Тут белокожий вскочил на ноги и заорал:
— Ты, парень, хочешь быстрой развязки? Хочешь с этим покончить?
Завязалась потасовка с пыхтением, спотыканием и покрякиванием. В своем воображении Тео рисовал борьбу титанов. Ему уже виделось, как эти двое сцепились из-за обреза, тот неожиданно выстреливает и белокожий замертво падает на пол. Но вместо этого, мгновением позже, обрез в руках белокожего возник перед его собственным носом.
«Как жаль», — только и успел подумать он, и в этот миг раздался большой взрыв.
Пуля унесла его через пространство, за лунные пределы, за пределы видимого небосвода. Он парил где-то на окраине Солнечной системы, в миллионах миль от Земли. Он был по-прежнему привязан к креслу, которое вместе с ним медленно крутилось в безвоздушной тьме, создавая иллюзию, что планеты и звезды вращаются вокруг него. Он знал, что это не так. Он был маленьким продырявленным кусочком мяса из Канады, болтающимся в пустоте, подобно множеству бесчисленных частиц.
— Мы прах, — так Малх закончил свое евангелие. — Но прах с миссией. Мы в себе несем семена нашего Спасителя, которые взойдут в тех, кто придет за нами.

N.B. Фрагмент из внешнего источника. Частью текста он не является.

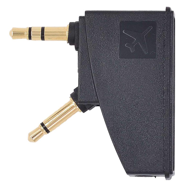 • Simply plug the headphones cord into the adapter and insert it into the airline jacks, then enjoy powerful, balanced sound for music or movies on the plane ride.

«Проклятье, — подумал Тео. — Я не оставил детей».
— Жаль, приятель, — произнес Нури. — Жаль, что так случилось.
Вселенная Тео перестала вращаться и слепилась в молодого араба, стоящего перед ним на коленях.
Тео задергался в кресле, ловя ртом воздух, одуревший от подскока адреналина, после того как рухнул вниз с высоты миллионов миль, чтобы снова оказаться в своей телесной оболочке. Нури отдувался, развязывая бечевку на его щиколотках.
— Тебе надо в больницу, — сказал араб.
Высвобожденные руки Тео лихорадочно обшаривали все тело — лицо, шею, грудь, живот — в поисках пулевого отверстия. Одежда была облеплена обуглившимися кусками полиуретановой пены. Его ладонь задержалась на правом боку, под ребрами, где ощущалась пузырящаяся мокрота и боль ободранной кожи.
— Лучше не трогай, — посоветовал Нури.
— О господи, — простонал Тео. — Я умираю.
— Ты не умираешь, — сказал Нури. — Рана неглубокая. Такая… э… — Он чуть-чуть поводил в воздухе пухлыми пальцами, обозначая легкое прикосновение.
— Поверхностная?
— Вот-вот, — подтвердил Нури и показал на большую дыру в кресле, след главного повреждения от выстрела.
В квартире стояла странная тишина. Телеболтовня прекратилась. Жалюзи на окнах, доселе опущенные, оказались подняты, и можно было разглядеть облачное послеполуденное небо.
— Что произошло? — спросил Тео. — Где… э… ваш друг?
— Он хотел тебя пристрелить, но я отвел винтовку.
— Он мертв?
— Нет, он… спит. — Нури бросил взгляд в другой конец комнаты, а затем посмотрел на свои пухлые руки.
— Вы его вырубили?
Похоже, этот намек на его физическую удаль немного смутил Нури.
— Он не очень сильный. Вообще-то он больной. Кости и вообще. Дела у него неважные. Он принимает в день по десять-пятнадцать таблеток.
Тео не знал, как на это реагировать.
— Вы спасли мне жизнь, — наконец вымолвил он. — Спасибо.
Нури, кажется, его не слышал. Он думал о другом, о чем-то таком, что требовалось высказать немедля.
— Ты его не осуждай, — произнес он с чувством. — Он не всегда был таким. Когда-то… — Нури мысленно погрузился взглядом в историю их отношений, и его роскошные карие глаза затуманились. — Когда-то он был, в общем-то, нормальным мусульманином.
Тео сел прямо. Бок у него дергало, а тут еще открылась прямая кишка.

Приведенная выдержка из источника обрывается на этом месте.